EXERCISE DIRECTIONS
Drop every picture and give the entries back exactly.

RECORDED DATA below:

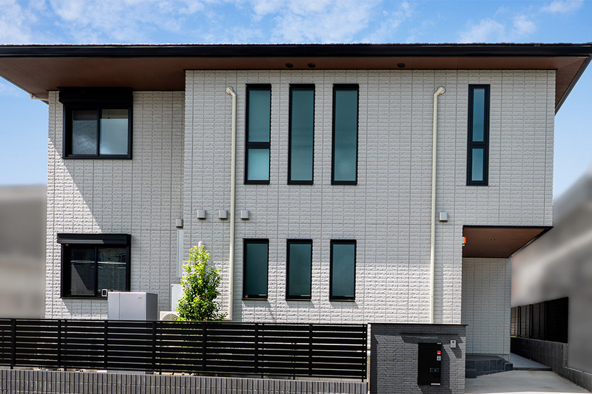 このプロジェクトは土地探しからスタートしました。大和ハウスがご提案した土地は、敷地の正面と裏面が道路に接しており、建物に“スタジオ”と“住宅”という2つの顔を持たせるのに良い條件が整っていました。祭りの日に山車が練り歩く駅側(正面)は、ミニマルなファサードが印象的なスタジオの顔。住宅街側(裏面)は、上品な戸建住宅の佇まいを見せています。
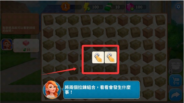3、然后就會(huì)生成新的物品,并解鎖周圍的盲盒,之后再將相同圖案的進(jìn)行組合。
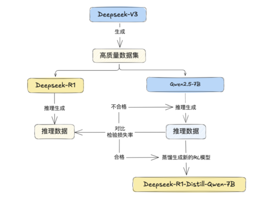 因为Deepseek-R1的参数量非常大,部署要求非常高,为了在小参数模型中引入长思维链推理能力,DeepSeek 团队引入了蒸馏技术。模型蒸馏就像是一场知识的传承,我们以 Deepseek-R1-Distill-Qwen2.5-7B 为例简单阐述蒸馏过程。
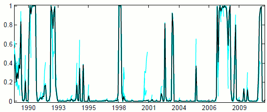 As we noted in the Introduction, the FSI was constructed and used by the Federal Reserve Board staff in real time during the financial crisis and recession. We have already demonstrated that the model shows switches to high-stress coefficient regimes in general, and stress events in particular, that coincide with well-known financial events in U.S. history. The usefulness of the index would be limited, however, if its performance in real time were substandard. Figure 4.4 examines this question, showing with the colored lines the (quasi-) real-time estimates of the state probabilities for the high-stress coefficient state; that is, the probability measured at each point in time based on information up to the current period..30 Two noteworthy conclusions may be drawn from this figure. First, the switches in coefficients indicated in ex post data, the black line, were revealed in the real-time estimates, the colored lines; that is, false negatives are negligible. Second, while there are hints of false positives-for example in 1996 and 2002-at no time did the real-time data adamantly call for a switch that was rescinded ex post.31 All in all, we would argue that the model does remarkably well in real time.
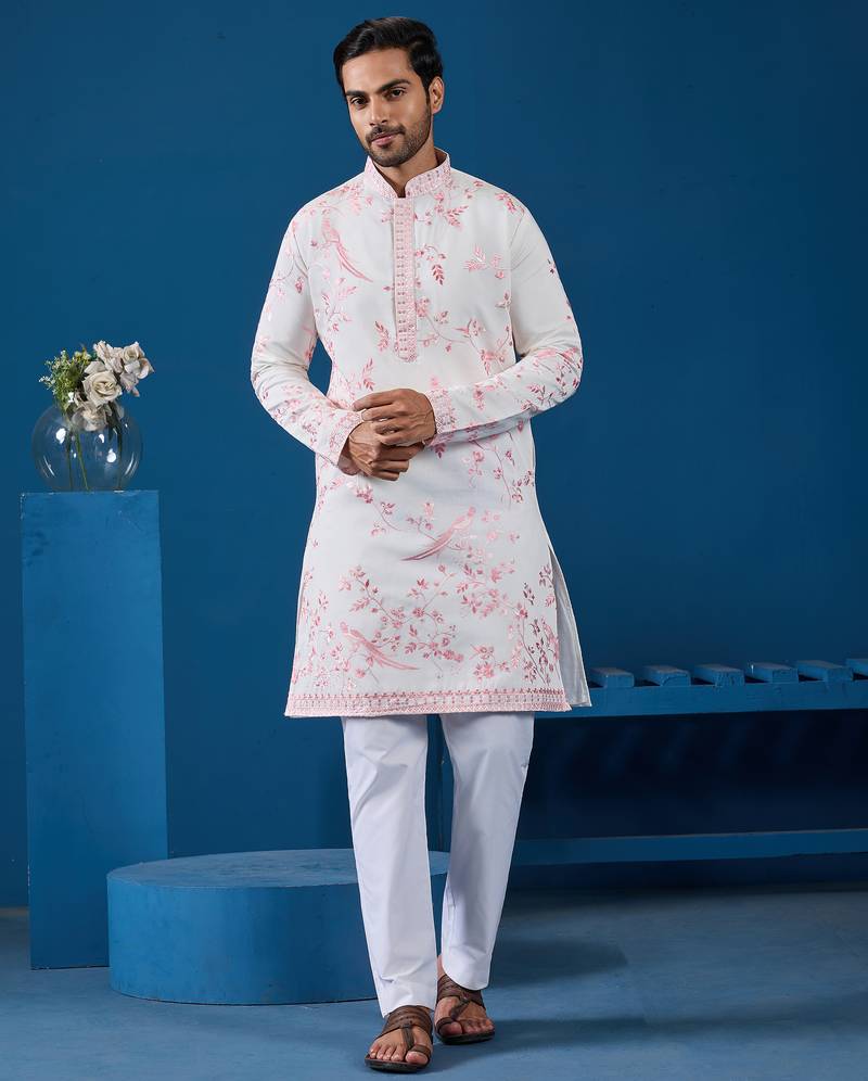 White Viscose Silk Thread With Sequence Embroidered Work Kurta Only
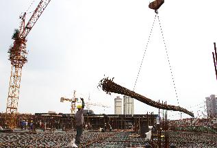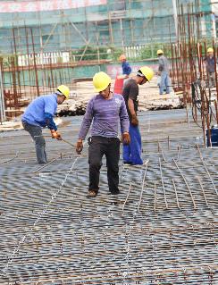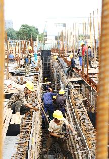 2015年9月25日拍摄,在昆山北区污水厂三期扩建工程施工现场工人们正在作业。 |

End of RECORDED DATA.

PROBLEM SOLUTION
 このプロジェクトは土地探しからスタートしました。大和ハウスがご提案した土地は、敷地の正面と裏面が道路に接しており、建物に“スタジオ”と“住宅”という2つの顔を持たせるのに良い條件が整っていました。祭りの日に山車が練り歩く駅側(正面)は、ミニマルなファサードが印象的なスタジオの顔。住宅街側(裏面)は、上品な戸建住宅の佇まいを見せています。
3、然后就會(huì)生成新的物品,并解鎖周圍的盲盒,之后再將相同圖案的進(jìn)行組合。
 因为Deepseek-R1的参数量非常大,部署要求非常高,为了在小参数模型中引入长思维链推理能力,DeepSeek 团队引入了蒸馏技术。模型蒸馏就像是一场知识的传承,我们以 Deepseek-R1-Distill-Qwen2.5-7B 为例简单阐述蒸馏过程。
 As we noted in the Introduction, the FSI was constructed and used by the Federal Reserve Board staff in real time during the financial crisis and recession. We have already demonstrated that the model shows switches to high-stress coefficient regimes in general, and stress events in particular, that coincide with well-known financial events in U.S. history. The usefulness of the index would be limited, however, if its performance in real time were substandard. Figure 4.4 examines this question, showing with the colored lines the (quasi-) real-time estimates of the state probabilities for the high-stress coefficient state; that is, the probability measured at each point in time based on information up to the current period..30 Two noteworthy conclusions may be drawn from this figure. First, the switches in coefficients indicated in ex post data, the black line, were revealed in the real-time estimates, the colored lines; that is, false negatives are negligible. Second, while there are hints of false positives-for example in 1996 and 2002-at no time did the real-time data adamantly call for a switch that was rescinded ex post.31 All in all, we would argue that the model does remarkably well in real time.
 White Viscose Silk Thread With Sequence Embroidered Work Kurta Only
 2015年9月25日拍摄,在昆山北区污水厂三期扩建工程施工现场工人们正在作业。 |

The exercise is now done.